▶ _WHAT YOU WILL DO_
Pictures excluded, reproduce exactly the lines below from the one with "Цепь заказывала шириной" through the one with "Lyon er en lang", both included.

○ ○ ○ ○ ○

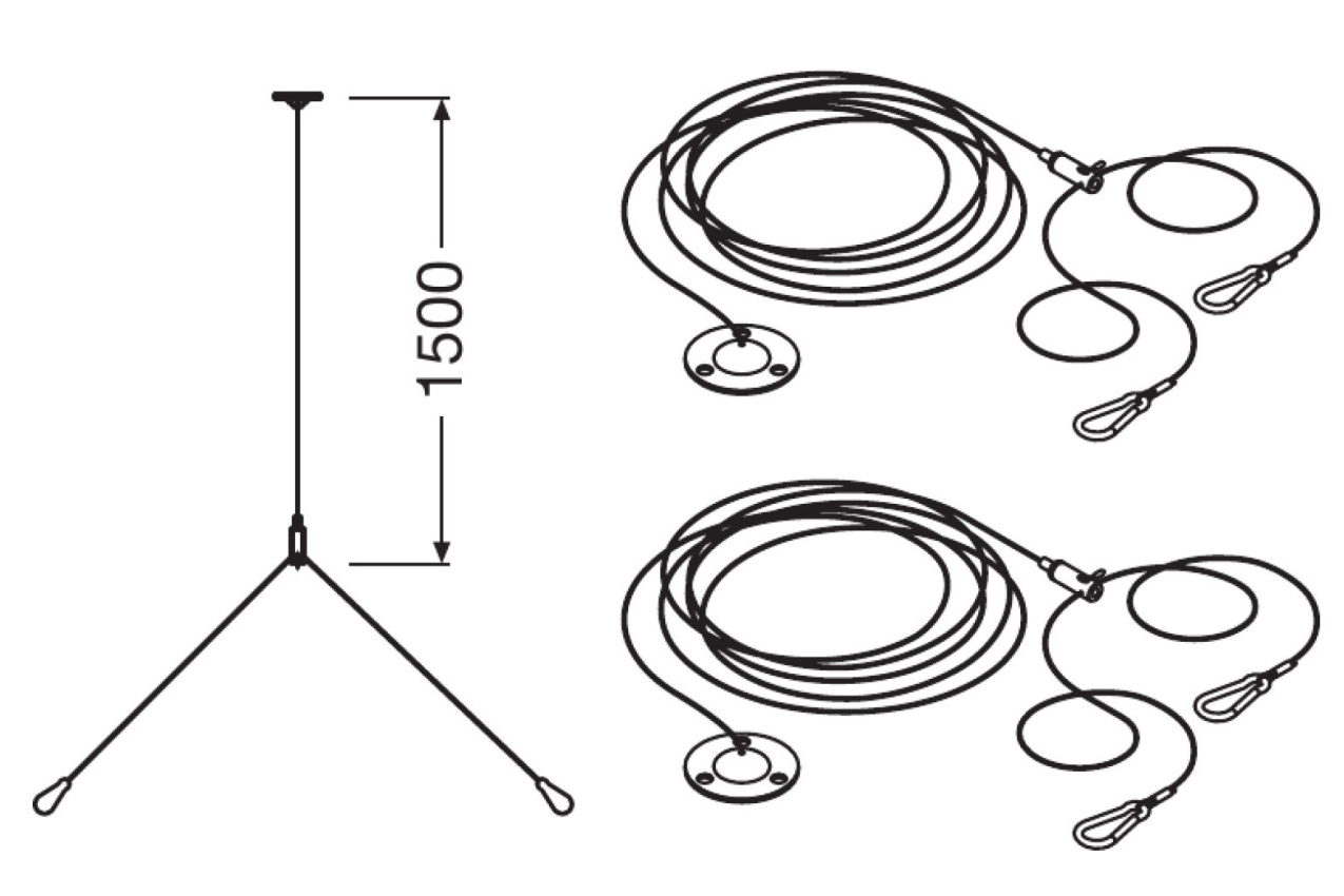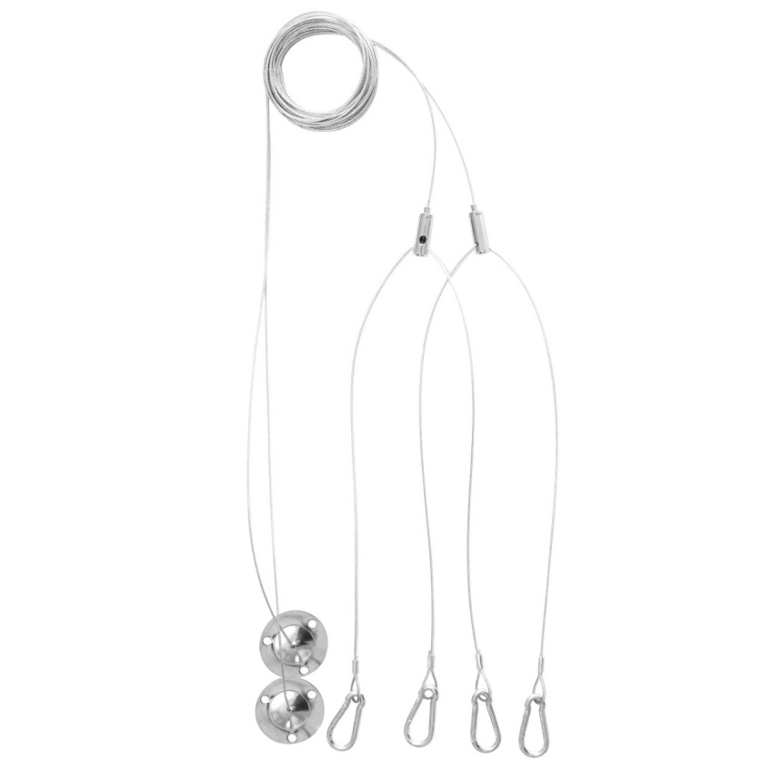 Sada pro zavěšení svítidel Panel. Vlastnosti produktu: Nastavitelné ocelové dráty, každý o max. délce 1,5 m. Výhody produktu: Nastavitelná délka zavěšení pomocí šroubů až na 1,5 m.
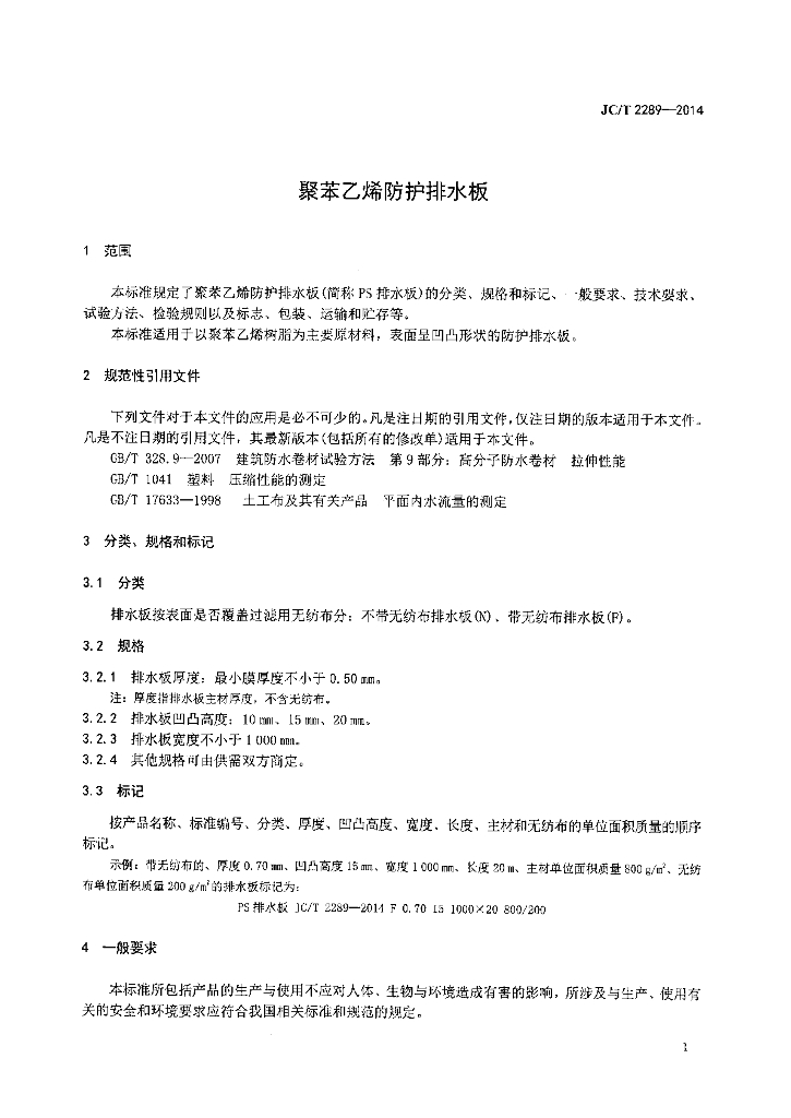 JC/T 2289-2014 聚苯乙烯防护排水板
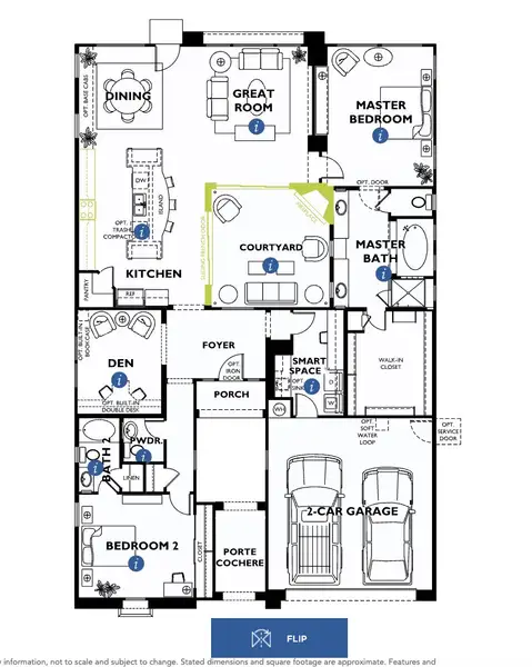 The Positano is a beautiful 1-story floor plan with 2 spacious bedrooms, and 2.5 modern bathrooms spread over 2,121 square feet. This plan also includes a garage with 2 spaces for parking vehicles, extra storage, or hobby essentials.
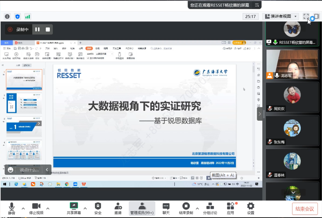 为了满足公司师生熟练使用数据库的需求,为师生提供更好的科研支持,悟空体育于11月2日下午在腾讯会议平台举办《大数据视角下的实证研究——基于锐思数据库》专题培训会。会议邀请了北京聚源锐思数据科技有限公司(RESSET)高级培训师杨欣蕾主讲,公司教师、研究生等共160余人参加了培训,会议由副经理杜军教授主持。
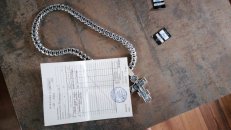 Цепь заказывала шириной 8 мм, длина 60 см. И крестик.
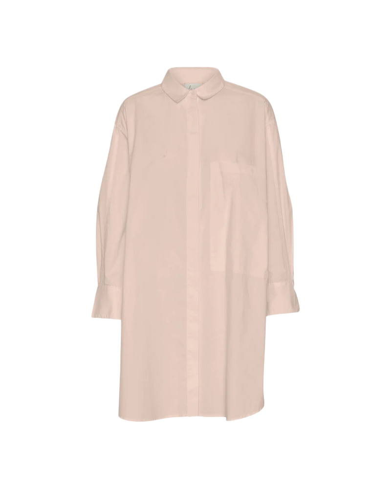 Lyon er en lang oversized skjorte i en sart lyserød tone fra det danske mærke Frau, perfekt til hverdagsbrug. Skjorten er længere bagpå med en rundet forkant, der giver et moderne og afslappet look.
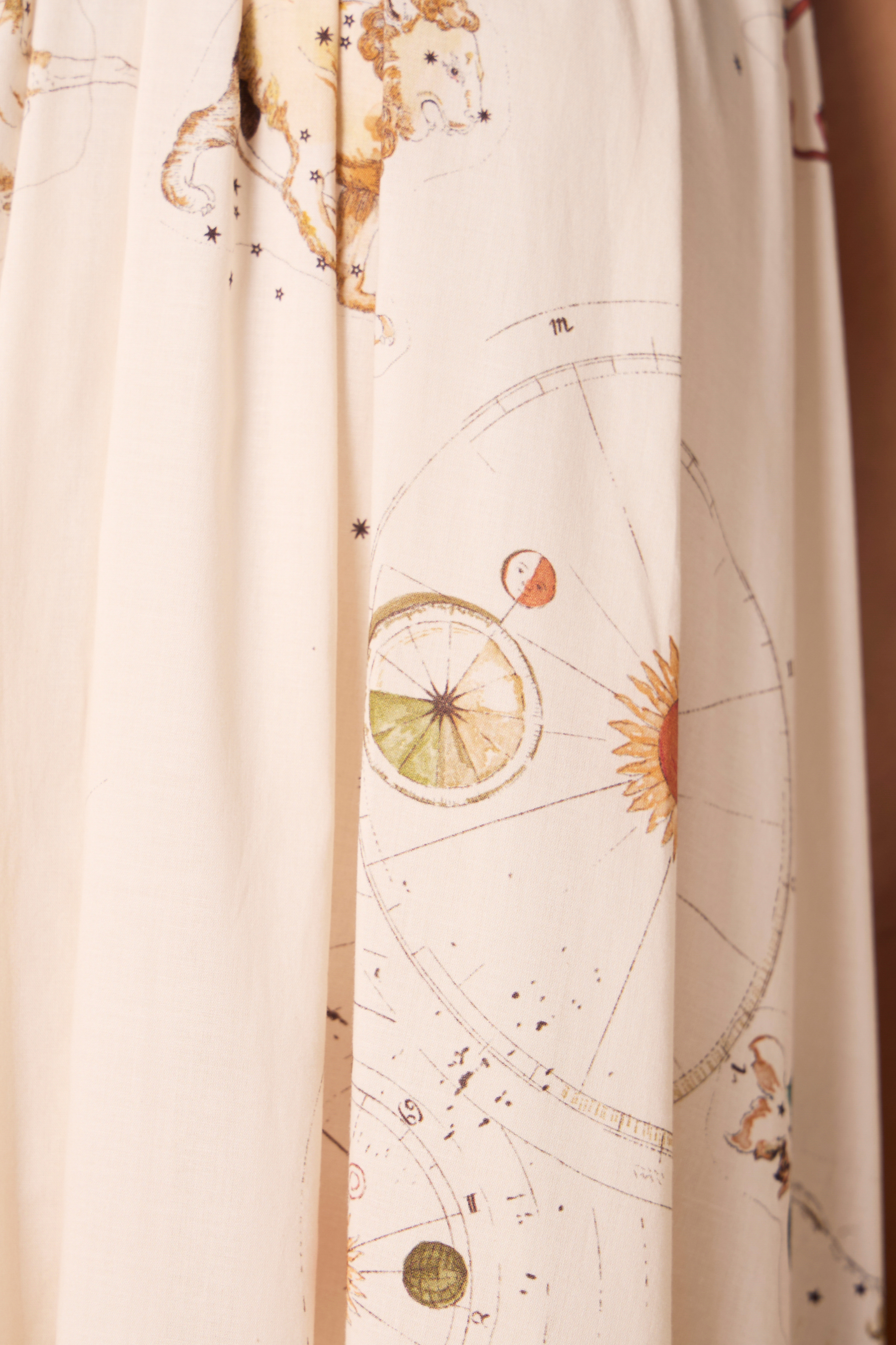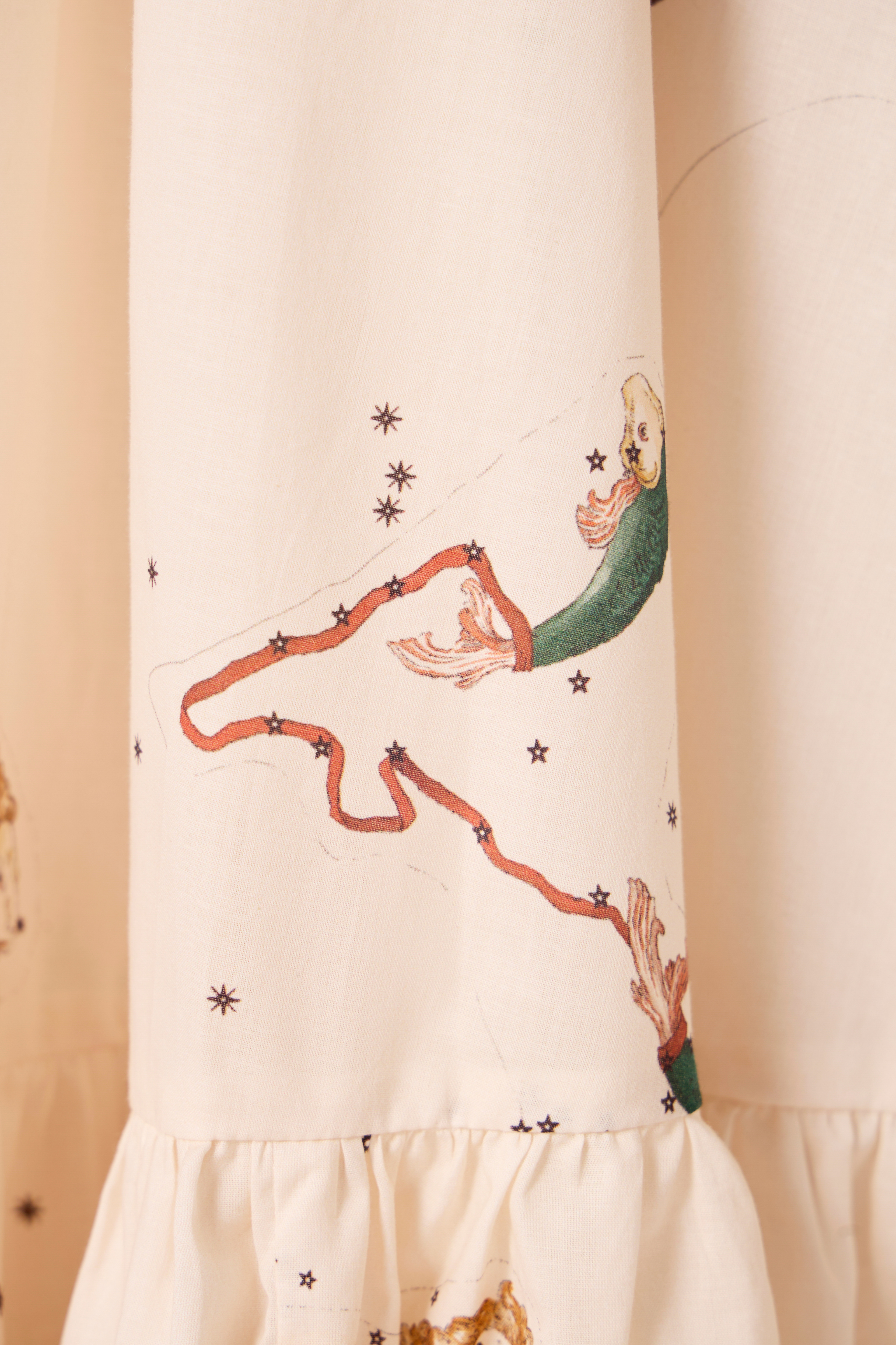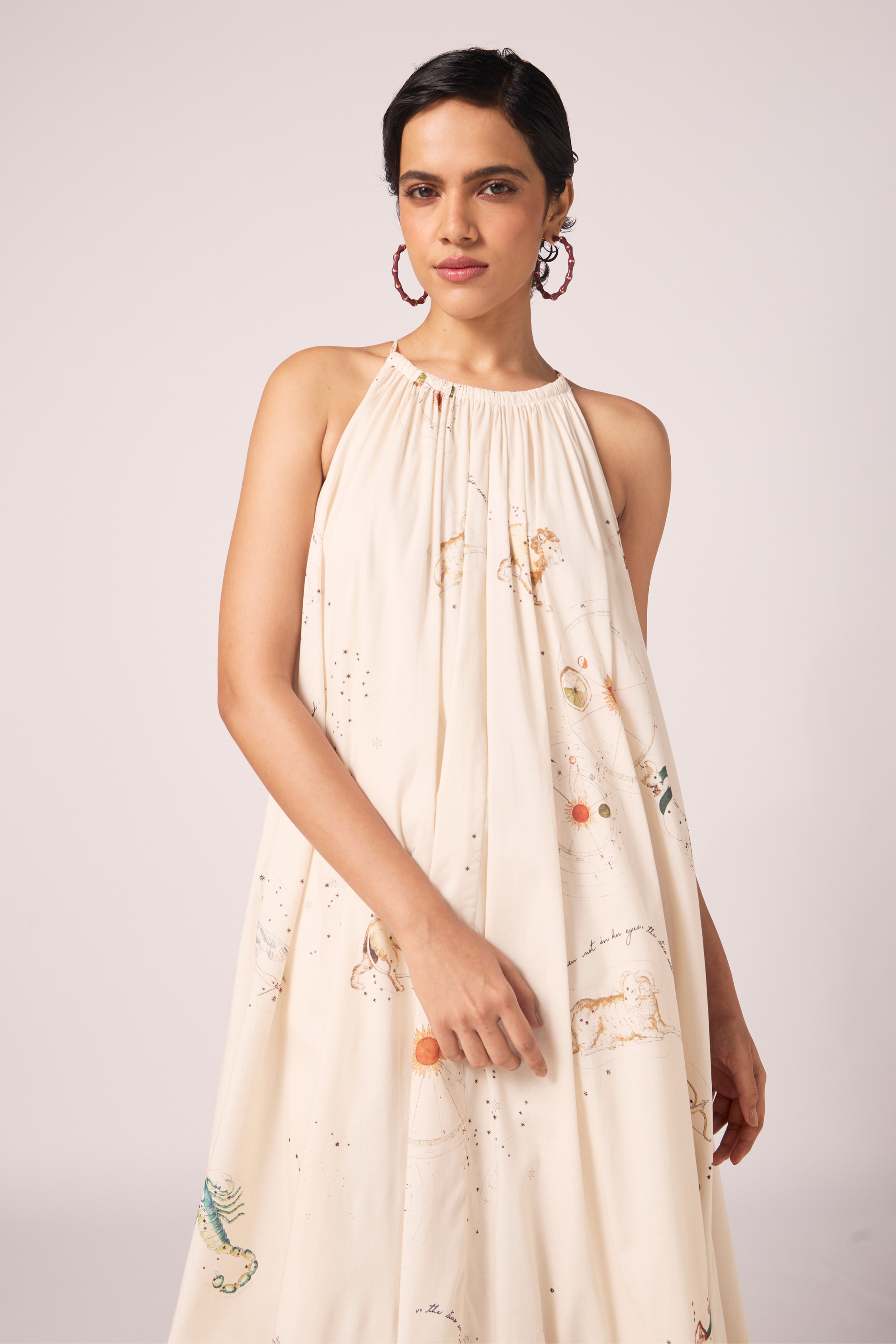 Elongated in line, light in spirit. The shoulder baring halter neckline frames the shoulders, while the print unfurls across the dress, giving scale and depth. A silhouette designed to flatter and move. - Relaxed Fit - Anushka is 5'8 and wearing XS . Her body measurements are Bust: 32", Waist: 29", Hips: 36" - Organic cotton cambric - Sleeveless; Low-cut back with straps looped for double strength and concealed back zip fastening - In-seam pockets
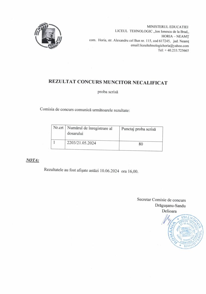 Urmare adresei Inspectoratului Școlar Județean Neamț cu nr.8206/8445 din 08 iulie 2024 se suspendă organizarea concursului pentru postul de muncitor.
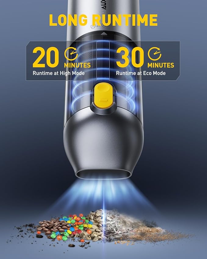 - 【14000PA HIGH POWER SUCTION HANDHELD VACUUM】The upgraded high-speed brushless motor delivers 14000Pa of powerful suction to quickly and easily pick up stubborn sand, dust, and debris. 2 suction modes of 8500PA and 14000PA are available to meet your different cleaning needs. (If the vacuum cleaner is in a low battery state, you may feel weakened suction power when using the high speed mode, and you need to charge it in time when using the high speed mode continuously.)
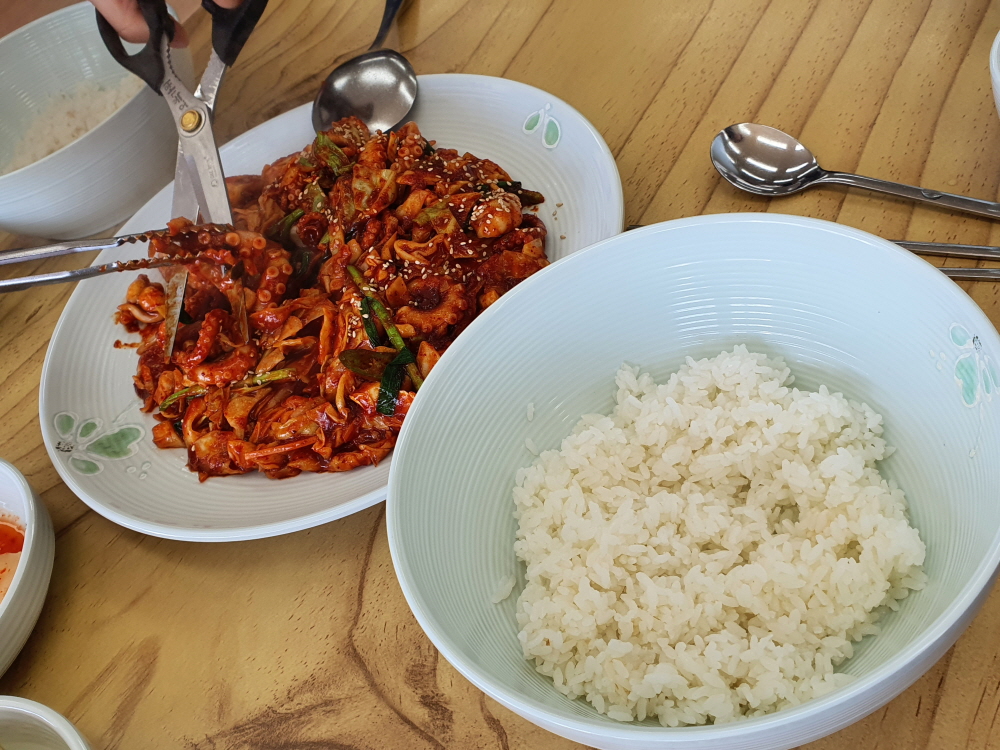 기본 반찬으로 주는 콩나물과 낚지볶음을 어느정도 넣어서 잘 비벼서 먹으면 매콤한 맛을 느낄 수 있는데 오랜만에 기분 좋아지는 낙지를 맛볼 수가 있다. 콩나물이 싫은 사람이라도 낙지만 넣고 비벼서 먹어도 꽤 맛있고 한 번에 다 비벼서 먹기 보다는 나누어서 비벼서 먹는 것을 추천한다. 약간 맵다고 느껴질때 콩나물을 살짝 넣고 미역 냉국과 함께 먹으면 그 조화가 좋다.

○ ○ ○ ○ ○

▶ _RESULT_
 Цепь заказывала шириной 8 мм, длина 60 см. И крестик.
 Lyon er en lang oversized skjorte i en sart lyserød tone fra det danske mærke Frau, perfekt til hverdagsbrug. Skjorten er længere bagpå med en rundet forkant, der giver et moderne og afslappet look.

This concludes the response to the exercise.